(Beginning of Data extract)

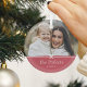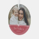 Sweet and simple Christmas photo ornament features a minimalist layout, with your family name and the year in clean, classic serif typeface on a festive red background. A petite bow beneath your photo completes the design.
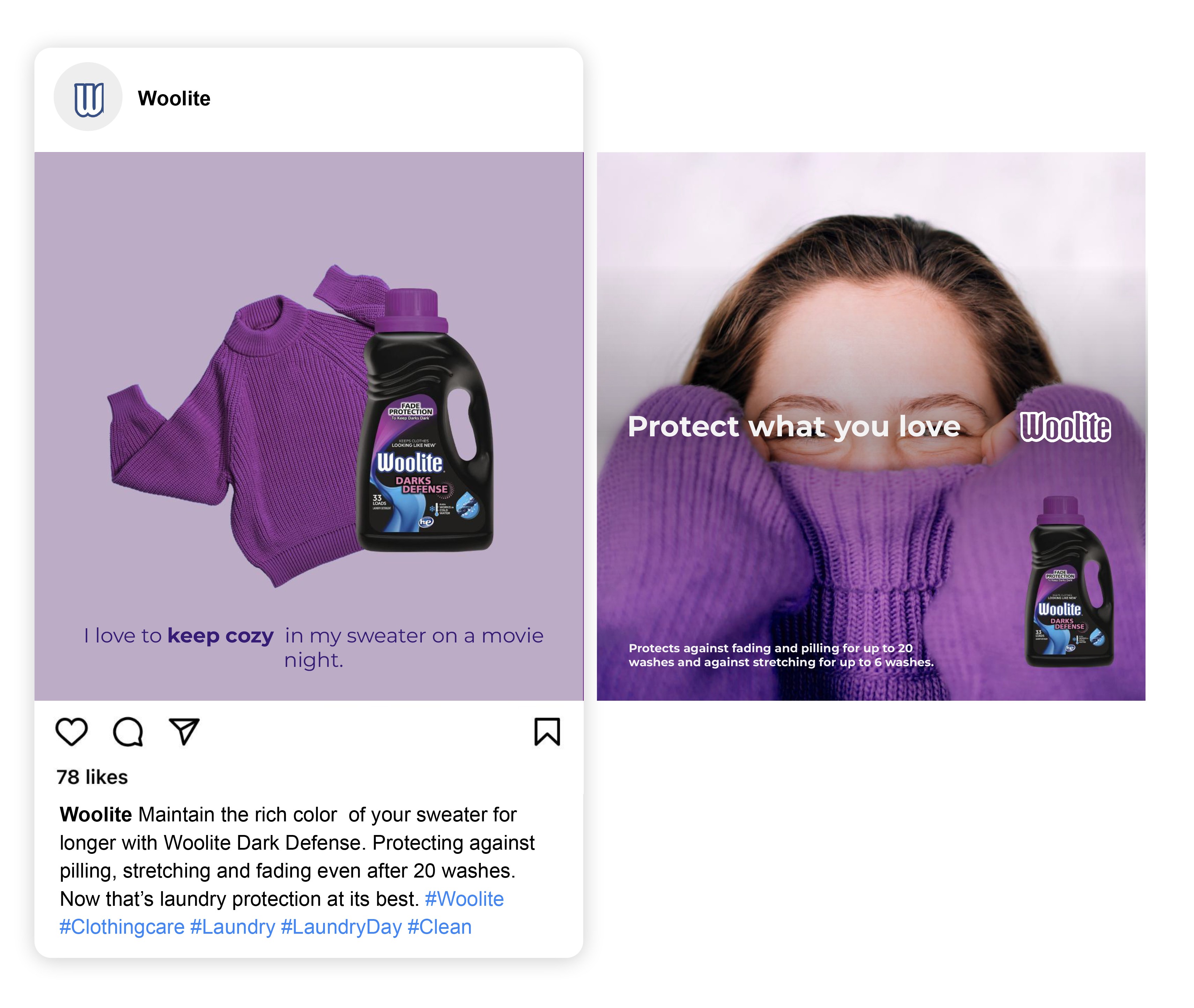 I led the strategic launch of Woolite’s social media presence, transforming a legacy brand with 1% awareness into a fashion-forward authority on garment longevity. Faced with the challenge of a "loyal but aging" demographic, I pivoted the narrative from "laundry detergent" to "wardrobe preservation." By tapping into the deep emotional connection we have with our favorite clothes, I help aid in the development of the "Protect What You Love" philosophy, positioning Woolite’s Darks and Damage Defense as "high fashion’s secret weapon." I constructed a suite of social-first assets, including educational reels and high-aesthetic lifestyle photography, that bridged the gap between scientific formula benefits and sustainable style. My copy balanced technical expertise with a sophisticated, modern voice, successfully introducing a new generation of style-conscious consumers to the concept of making their most cherished pieces last a lifetime.
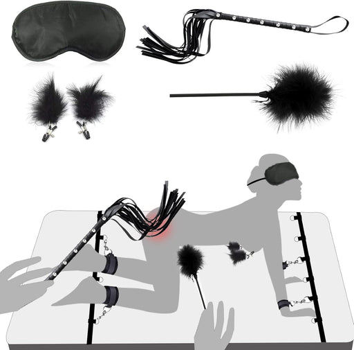 BDSMYOUDiscover a new level of pleasure with this 4-in-1 BDSM play set, which includes adjustable wrist and ankle cuffs, a restraint cross, and a silky ey...
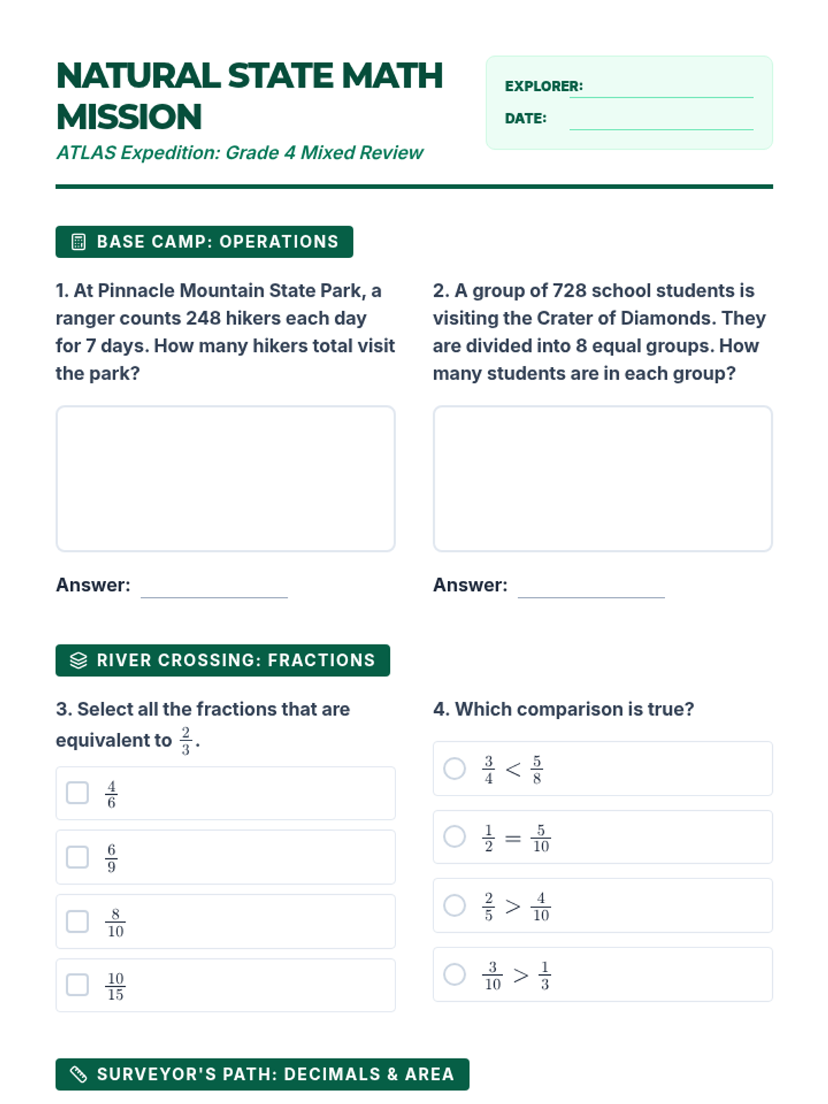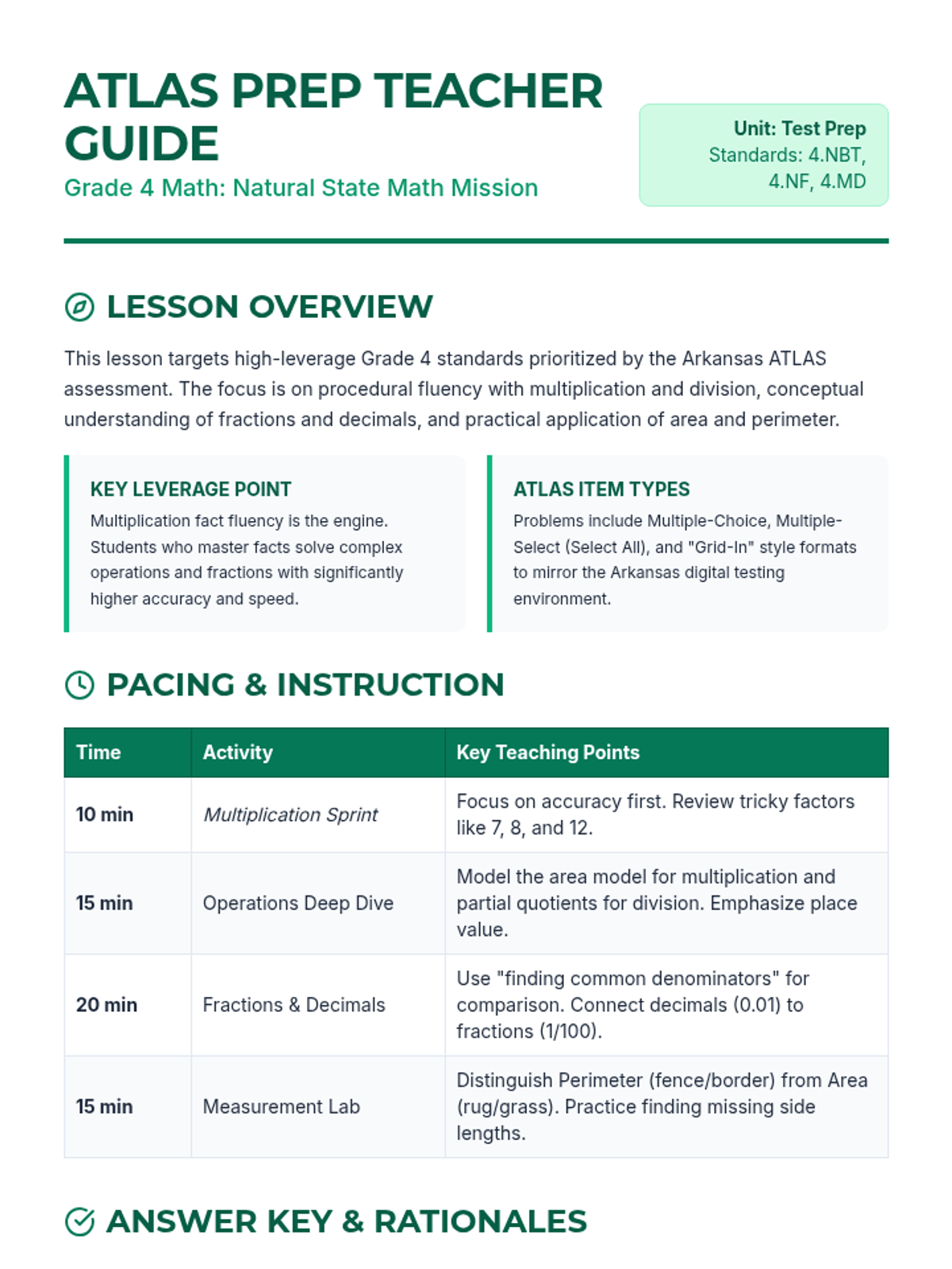 A comprehensive Grade 4 Math test prep lesson focused on key Arkansas Academic Standards (NBT, NF, and MD) to prepare students for the ATLAS assessment. The lesson emphasizes multiplication fact fluency as a foundation for solving multi-digit operations, fractions, and measurement problems.

(End of Data extract)

Retype the listing verbatim, minus every image.

 Sweet and simple Christmas photo ornament features a minimalist layout, with your family name and the year in clean, classic serif typeface on a festive red background. A petite bow beneath your photo completes the design.
 I led the strategic launch of Woolite’s social media presence, transforming a legacy brand with 1% awareness into a fashion-forward authority on garment longevity. Faced with the challenge of a "loyal but aging" demographic, I pivoted the narrative from "laundry detergent" to "wardrobe preservation." By tapping into the deep emotional connection we have with our favorite clothes, I help aid in the development of the "Protect What You Love" philosophy, positioning Woolite’s Darks and Damage Defense as "high fashion’s secret weapon." I constructed a suite of social-first assets, including educational reels and high-aesthetic lifestyle photography, that bridged the gap between scientific formula benefits and sustainable style. My copy balanced technical expertise with a sophisticated, modern voice, successfully introducing a new generation of style-conscious consumers to the concept of making their most cherished pieces last a lifetime.
 BDSMYOUDiscover a new level of pleasure with this 4-in-1 BDSM play set, which includes adjustable wrist and ankle cuffs, a restraint cross, and a silky ey...
 A comprehensive Grade 4 Math test prep lesson focused on key Arkansas Academic Standards (NBT, NF, and MD) to prepare students for the ATLAS assessment. The lesson emphasizes multiplication fact fluency as a foundation for solving multi-digit operations, fractions, and measurement problems.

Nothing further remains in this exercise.